● **Required action**
Each entry below should be printed exactly, with every image left out.

● **Data for this task**
┌────────

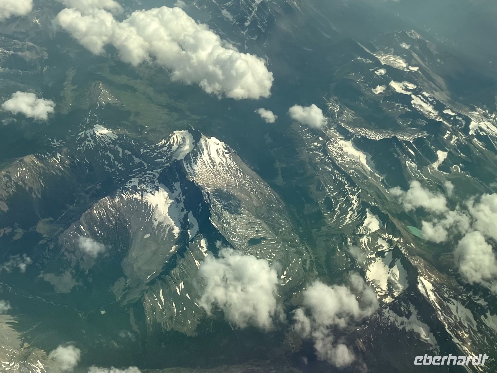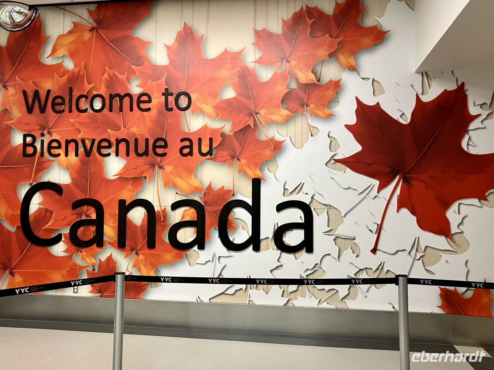 Die langersehnte Reise treten wir heute an. Der Traum von Alaska und West Kanada, der wird nun Wirklichkeit, wir sind bereit, es kann nun endlich losgehen. Wegen Covid haben wir nun 2 Jahre warten muessen und sind deshalb auch so gluecklich diese Reise antreten zu koennen. Wir alle, sind gut und puenktlich nach Frankfuert angereist und finden uns am Gate nach Calgary. Da ist ja auch schon die Reiseleitung in ihrem Froschoutfit mit der ersehnten Eberhardt Tafel in der Hand. Alles geht vorerst zuegig von statten. Alle Passagiere sitzen brav in der kleinen Abflughalle und warten. Wir warten ganze 2 Stunden bis wir nicht einsteigen koennen. Das Flugzeug ist voll belegt und mancher fragt sich wie soviel Gepaeck und Leute in so ein fliegendes Zeug passen sollen. Gott Sei Dank spricht die Crew 3 Sprachen, so unterhalten sie uns lange und bange. Man horcht ganz aufmerksam zu, ob man nicht doch vielleicht etwas von dem kanadischen Englisch oder dem Quebeqois verstehen koennte. Ahhh die Gehirnzellen sind im vollen Stress, wobei der Koerper in der Enge des Sitzes langsam erlahmt. Der Flug ist ruhig, das Essen OK. Ueber Groenland sitzen dieses mal die Wolken ganz dicht, sodass wir leider nichts sehen koennen. Vielleicht auf dem Heimflug. In dem Dreamliner sind die Fenster sehr speziell. Man kann sie verdunkeln oder auf heller einstellen. Die Flugbegleiter koennen auch alle Fenster auf Nacht stellen, sodass die Leute auch mal eine Ruh’ geben.
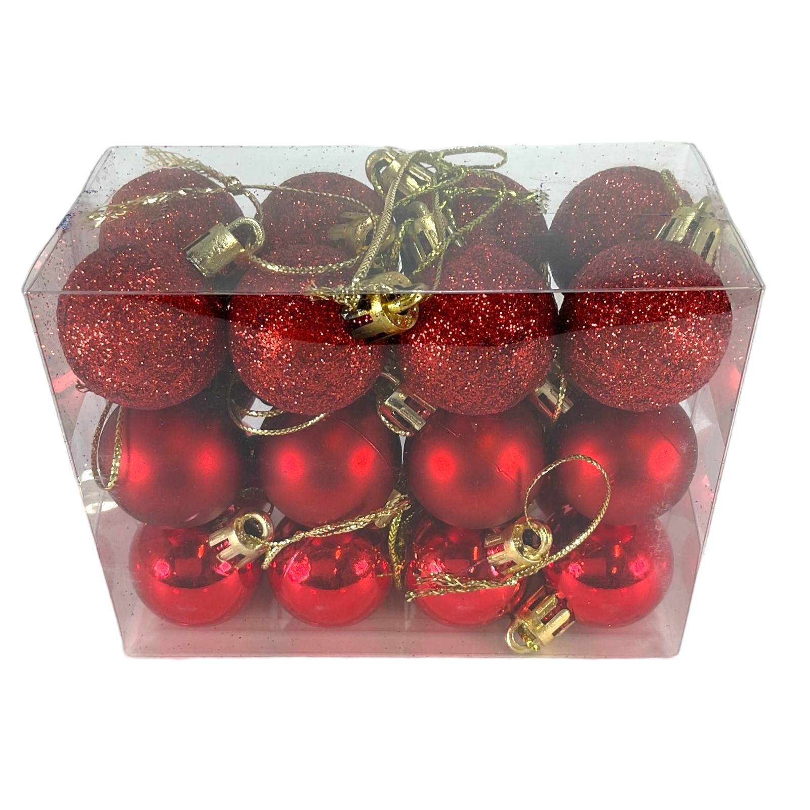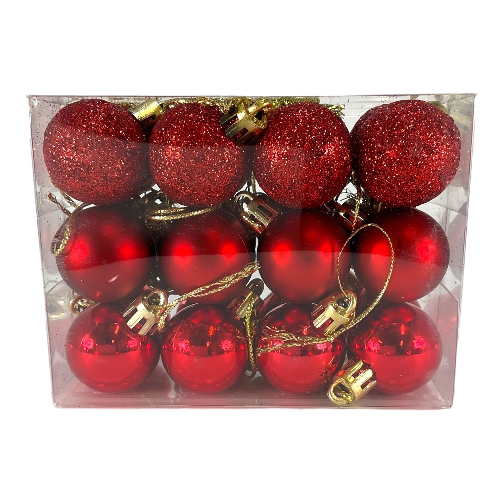 Red Ball Christmas Ornaments. Pack of 24 ornaments. Includes 8 Shiny, 8 Glitter, 8 Matte. Mate from shatterproof plastic. Balls are 1.2 inches (3cm, 30mm). Includes gold string you can use to hang the ornaments
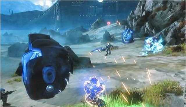 然后我们来到一个很漂亮的发光塔,狙掉上面机枪台的小猪。然后从左面小路清过去,不要心急。屋里有喷子和人类手雷。最后会有一个拿粘雷炮的高级精英,喷掉后捡起它的武器。然后运兵船会运来这个环节最后一波兵,两只隐身精英加两个猎人。找个柱子侯着,等那两个隐身精英过来。盯紧自己的雷达,血低了就绕柱子躲猫猫。
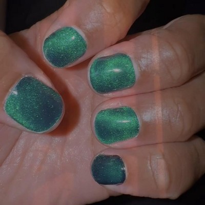 Beautiful color! I got so many compliments on it and I loved it. It changes from a green to a purple, depending on how you move your hand. That being said, they started lifting fairly quickly. I had to remove after about 4 days because my hair kept getting stuck near the cuticle. They did not chip at all in that time, though. I would definitely purchase again and just know they don't last as long.
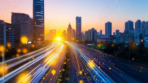 Sunset over a bustling city skyline with light trails from busy traffic on a highway
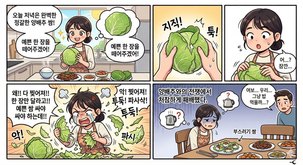 셋째, 신선한 양배추일수록 세포 안에 수분이 꽉 차 세포벽이 팽팽하다. 이 아삭함이 먹을 때는 장점이지만 떼어낼 때는 단점이 된다. 유연성이 부족해 조금만 힘을 주면 휘어지지 않고 바로 부러지거나 찢어진다. 뜨거운 물이 이 세 가지 문제를 동시에 해결한다. 열이 잎 사이의 압착을 풀고 심지와의 연결 부위를 부드럽게 만들며 세포벽의 경직성을 낮춰주는 원리다.
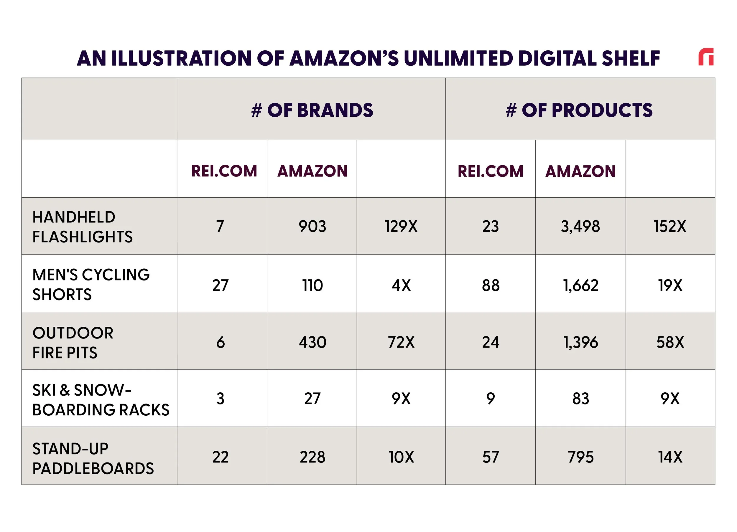 We set out to better understand this nuance by comparing the number of Sports & Outdoor brands and products on Amazon to REI.com. As shown in our sample below, brands can find themselves competing against anywhere from ~4x the amount of brands or products they are used to, all the way up to 100x or more in categories like handheld flashlights, where barriers to entry are extremely low.
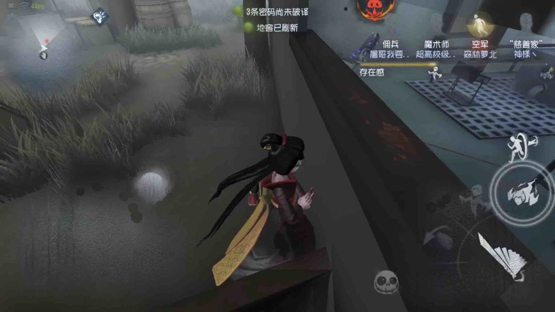 这里的操作方法就是把视角拉低,直到低头可以从窗口看到大厂房的求生者。(暗中观察)可以来一个出其不意。
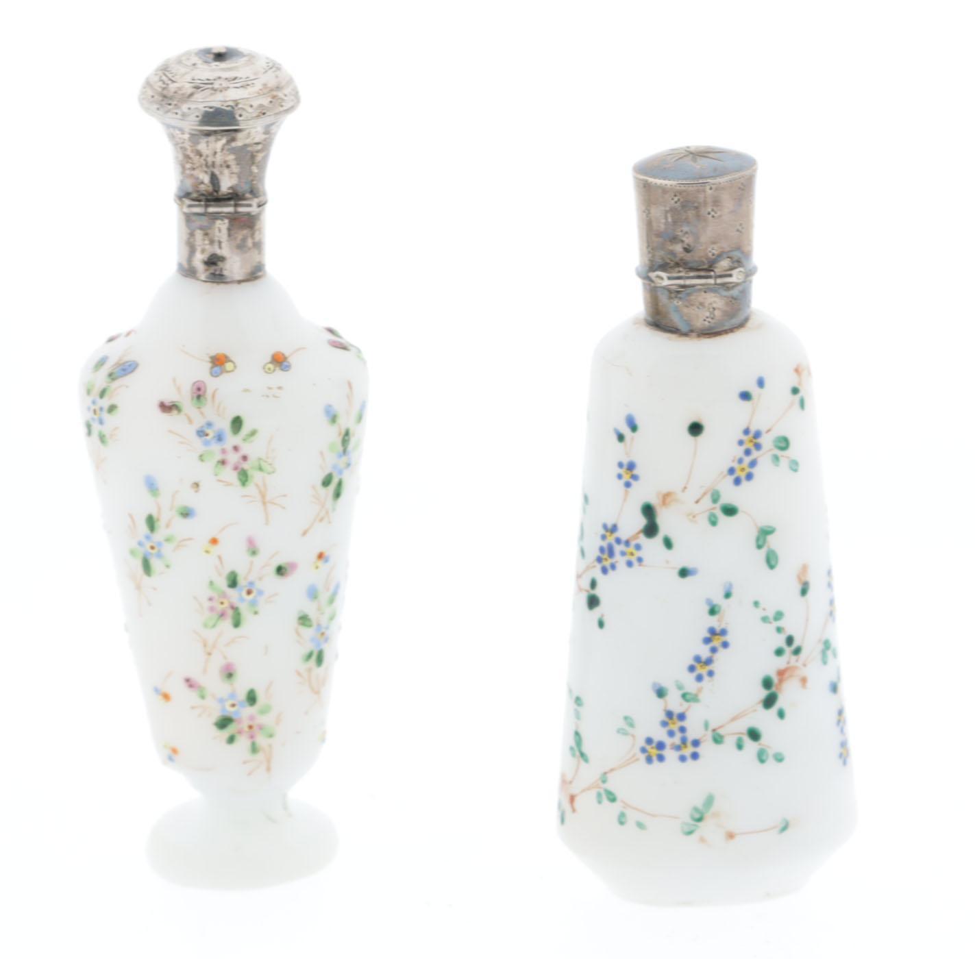 2 witte opaline parfumflacons met emaille beschildering, Porcelain de Paris, beiden met scharnierende doppen en kristallen binnendopje, 19e eeuws, hoogtes: 9,3-10,5 cm
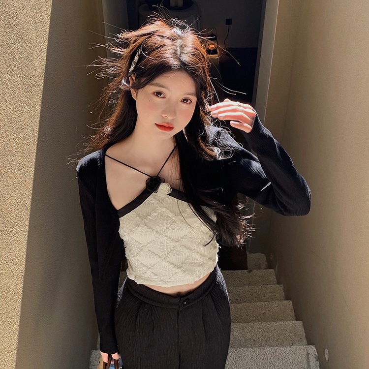 夏季短款纯色法式针织薄款挂脖吊带性感辣妹外穿露背加工定制上衣

└────────

● **Written answer**
 Die langersehnte Reise treten wir heute an. Der Traum von Alaska und West Kanada, der wird nun Wirklichkeit, wir sind bereit, es kann nun endlich losgehen. Wegen Covid haben wir nun 2 Jahre warten muessen und sind deshalb auch so gluecklich diese Reise antreten zu koennen. Wir alle, sind gut und puenktlich nach Frankfuert angereist und finden uns am Gate nach Calgary. Da ist ja auch schon die Reiseleitung in ihrem Froschoutfit mit der ersehnten Eberhardt Tafel in der Hand. Alles geht vorerst zuegig von statten. Alle Passagiere sitzen brav in der kleinen Abflughalle und warten. Wir warten ganze 2 Stunden bis wir nicht einsteigen koennen. Das Flugzeug ist voll belegt und mancher fragt sich wie soviel Gepaeck und Leute in so ein fliegendes Zeug passen sollen. Gott Sei Dank spricht die Crew 3 Sprachen, so unterhalten sie uns lange und bange. Man horcht ganz aufmerksam zu, ob man nicht doch vielleicht etwas von dem kanadischen Englisch oder dem Quebeqois verstehen koennte. Ahhh die Gehirnzellen sind im vollen Stress, wobei der Koerper in der Enge des Sitzes langsam erlahmt. Der Flug ist ruhig, das Essen OK. Ueber Groenland sitzen dieses mal die Wolken ganz dicht, sodass wir leider nichts sehen koennen. Vielleicht auf dem Heimflug. In dem Dreamliner sind die Fenster sehr speziell. Man kann sie verdunkeln oder auf heller einstellen. Die Flugbegleiter koennen auch alle Fenster auf Nacht stellen, sodass die Leute auch mal eine Ruh’ geben.
 Red Ball Christmas Ornaments. Pack of 24 ornaments. Includes 8 Shiny, 8 Glitter, 8 Matte. Mate from shatterproof plastic. Balls are 1.2 inches (3cm, 30mm). Includes gold string you can use to hang the ornaments
 然后我们来到一个很漂亮的发光塔,狙掉上面机枪台的小猪。然后从左面小路清过去,不要心急。屋里有喷子和人类手雷。最后会有一个拿粘雷炮的高级精英,喷掉后捡起它的武器。然后运兵船会运来这个环节最后一波兵,两只隐身精英加两个猎人。找个柱子侯着,等那两个隐身精英过来。盯紧自己的雷达,血低了就绕柱子躲猫猫。
 Beautiful color! I got so many compliments on it and I loved it. It changes from a green to a purple, depending on how you move your hand. That being said, they started lifting fairly quickly. I had to remove after about 4 days because my hair kept getting stuck near the cuticle. They did not chip at all in that time, though. I would definitely purchase again and just know they don't last as long.
 Sunset over a bustling city skyline with light trails from busy traffic on a highway
 셋째, 신선한 양배추일수록 세포 안에 수분이 꽉 차 세포벽이 팽팽하다. 이 아삭함이 먹을 때는 장점이지만 떼어낼 때는 단점이 된다. 유연성이 부족해 조금만 힘을 주면 휘어지지 않고 바로 부러지거나 찢어진다. 뜨거운 물이 이 세 가지 문제를 동시에 해결한다. 열이 잎 사이의 압착을 풀고 심지와의 연결 부위를 부드럽게 만들며 세포벽의 경직성을 낮춰주는 원리다.
 We set out to better understand this nuance by comparing the number of Sports & Outdoor brands and products on Amazon to REI.com. As shown in our sample below, brands can find themselves competing against anywhere from ~4x the amount of brands or products they are used to, all the way up to 100x or more in categories like handheld flashlights, where barriers to entry are extremely low.
 这里的操作方法就是把视角拉低,直到低头可以从窗口看到大厂房的求生者。(暗中观察)可以来一个出其不意。
 2 witte opaline parfumflacons met emaille beschildering, Porcelain de Paris, beiden met scharnierende doppen en kristallen binnendopje, 19e eeuws, hoogtes: 9,3-10,5 cm
 夏季短款纯色法式针织薄款挂脖吊带性感辣妹外穿露背加工定制上衣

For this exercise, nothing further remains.